В отличие от лишенной любви мистификации инквизитора, решение Михаила, принятое под руководством Зосимы, отражает подлинную тайну. «Едва ли можно сказать, как именно на практике милосердие формирует рассудительность, ибо милосердие, участвуя в жизни Триединого Бога, по сути своей является даром, который не подвластен ни воле, ни разуму человека» [Pieper 1966: 37] (курсив мой. – П. К.). В драме Михаила и Зосимы читатель видит это коллективное «формирование рассудительности милосердием», представленное Достоевским в «иносказательной, художественной форме».
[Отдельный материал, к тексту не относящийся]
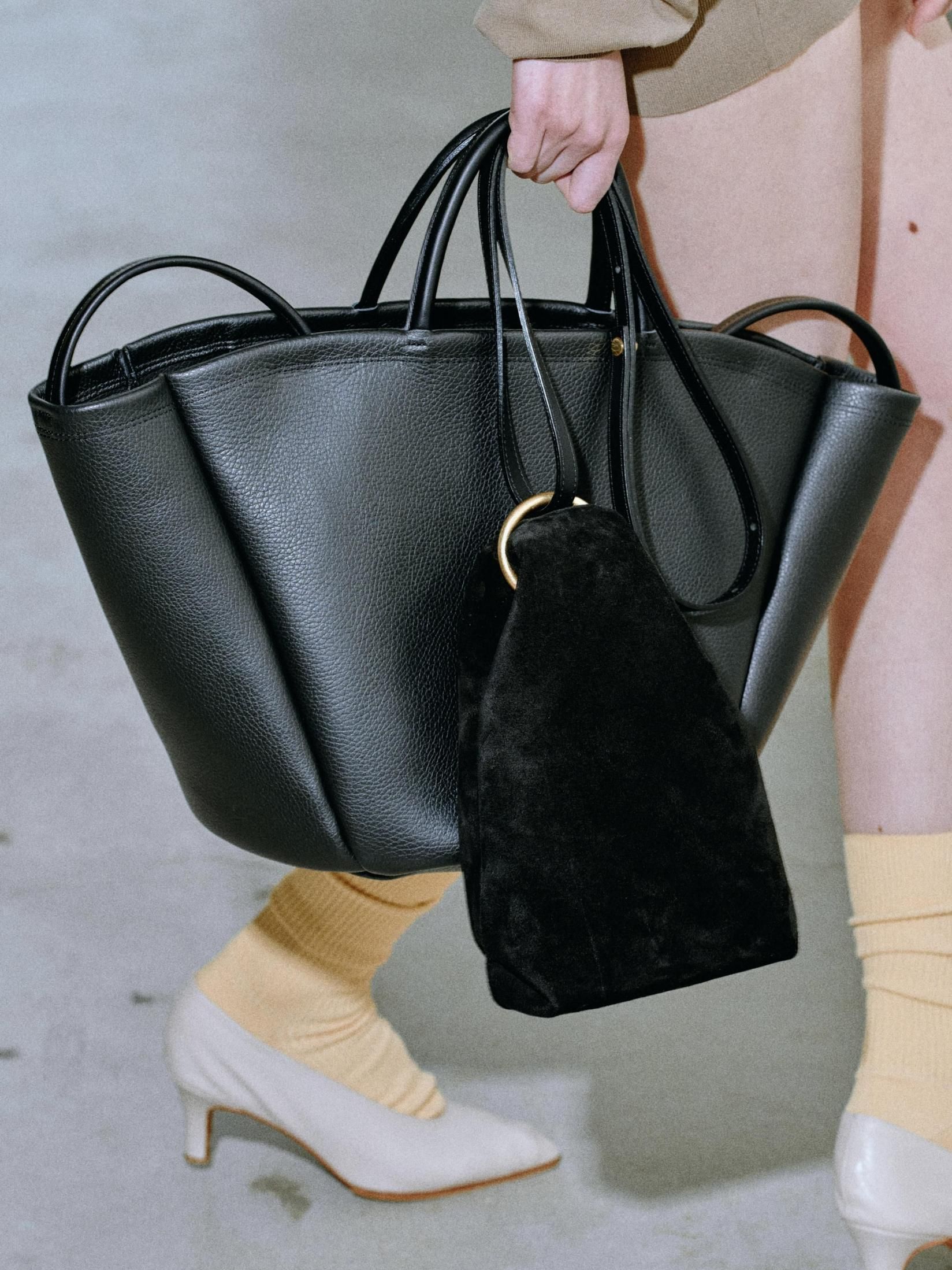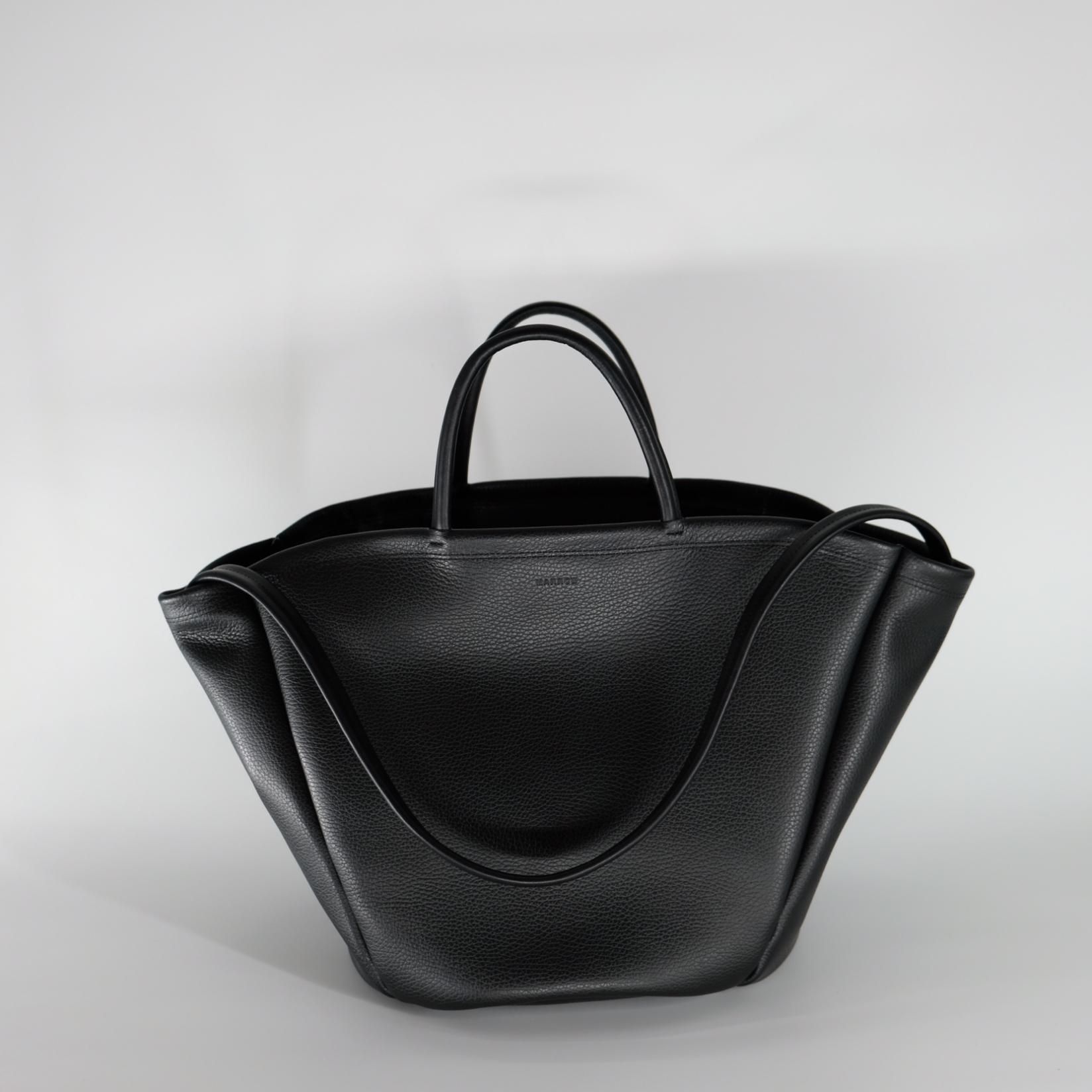 大きなフォルムにあえて短く小さい丸手を付けることで、カジュアルやコンサバな印象になり過ぎないよう、ユニークさとハンドバッグのニュアンスを残すことに拘っている。

Реальность такого благодатного «формирования» истинна для Михаила, поскольку он признается Зосиме: «Но Господь мой поборол диавола в моем сердце. Знай, однако, что никогда ты не был ближе от смерти» [Достоевский 1972–1990, 14: 283]. «Высший реализм» Достоевского признает горизонтальное и вертикальное измерения реальности. Вертикальные и горизонтальные линии пересекаются, образуя крест – образ, центральный для инкарнационного реализма. Благодать нисходит в те безмолвные две минуты, когда два человека сидят вместе. Проникновенное слово – само оно вдохновлено «свыше» – произносит тот, кто желает другим добра, кто желает, чтобы другой обрел собственный голос. Как поясняет в своем комментарии Линч, аналогичным образом можно интерпретировать и благодать:
Самая лучшая и самая человеческая составляющая человека – это способность желать, говорить «я желаю»; одно из самых великолепных качеств внешнего мира, будь то вещи, Бог, учитель, родитель или врач, – это способность оказывать помощь таким образом, чтобы создать в других внутреннюю способность желать по-настоящему. Таким образом, благодать следует понимать как акт, посредством которого абсолютно внешняя и свободная реальность сообщается с абсолютно внутренним и свободным существованием. Богословие благодати говорит в основном об абсолютном действии и желании Бога; оно, как и все мы, должно больше говорить о другом абсолюте, с которым оно так глубоко связано, – об абсолютном действии и желании человека [Lynch 1965: 157]146.
Благодаря совместному влиянию Зосимы и Божьей благодати Михаил делает публичное признание и совершает то, чего по-настоящему хотел. Однако подлинная свобода, которую он демонстрирует, коренным образом отличается от той извращенной свободы, которую он утвердил бы, убив Зосиму. Дело в том, что в «Братьях Карамазовых» Достоевский изображает два вида свободы, ненастоящую и настоящую. Ненастоящая свобода выражается в извращенном волеизъявлении, то есть в надрыве, бесконечной зависимости от «взгляда» другого, даже тогда, когда все делается назло ему.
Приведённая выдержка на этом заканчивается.